さらに、ハンドメイド独特な味わいやディテールを持つシルバーワークによって、インディアンジュエリーらしい素朴でエスニシティな雰囲気を宿し、上質なターコイズのアーティーでナチュラルな魅力と、シンプルなデザインによるクリーンでクラシックな印象を兼ね備えたリングとなっています。
また、比較的大きいフェイスにより強い存在感を示しますが、ハイグレードナンバーエイトターコイズの上品な煌めきにより過度な派手さを持たず、日常的なコーディネートにおいてさり気なくも特別なスパイスになってくれるリングです。

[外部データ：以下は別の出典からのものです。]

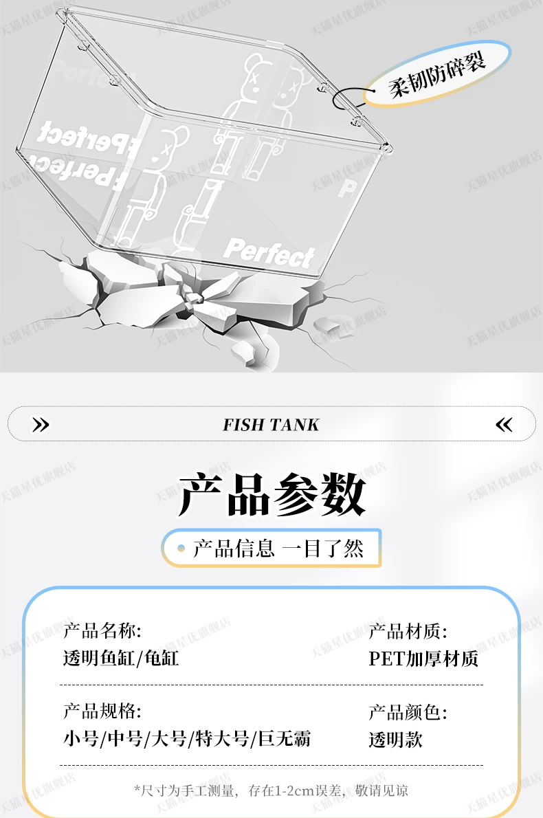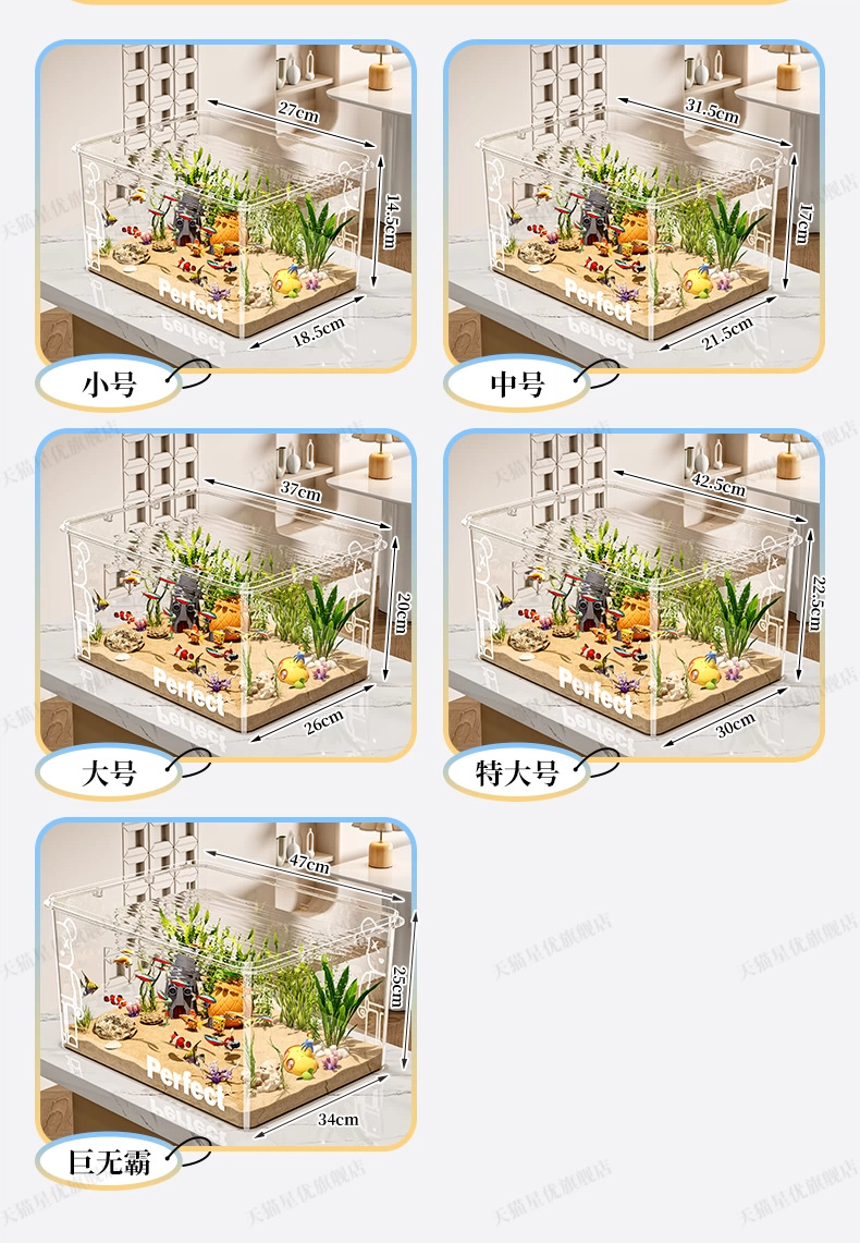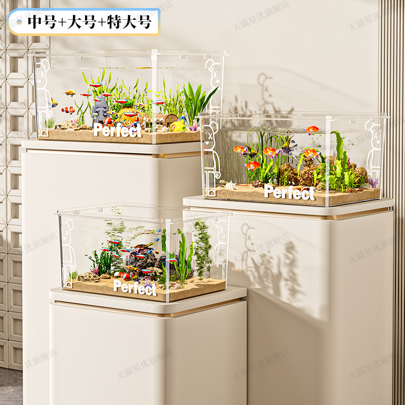 투명한 수조, 소형 가정용 금붕어 수조, 데스크탑 거실 모조 유리 생태 조경 수조, 사각형 두꺼운 거북이 수조스토어 가기

とてもオーセンティックな造形スタイルの作品ですが、細部には個性を隠し、繊細でありながら力強い質感と味わい深く上質なターコイズは、長い年月を経ていまだそのその存在感と威厳を失っておらず、大変コレクタブルなビンテージジュエリーの一つとなっています。
◆着用サンプル画像はこちら◆
コンディションも大変良好です。
シルバーのクスミやハンドメイド特有の制作上のムラは見られますが、ダメージの無いとても良い状態を保っています。
ターコイズには画像のようにエッジに近い部分に僅かなクラックが確認できますが、肉眼での確認が困難な程度となっており、このままでの着用に問題の無い状態。現在も艶と素晴らしい透明感を保っています。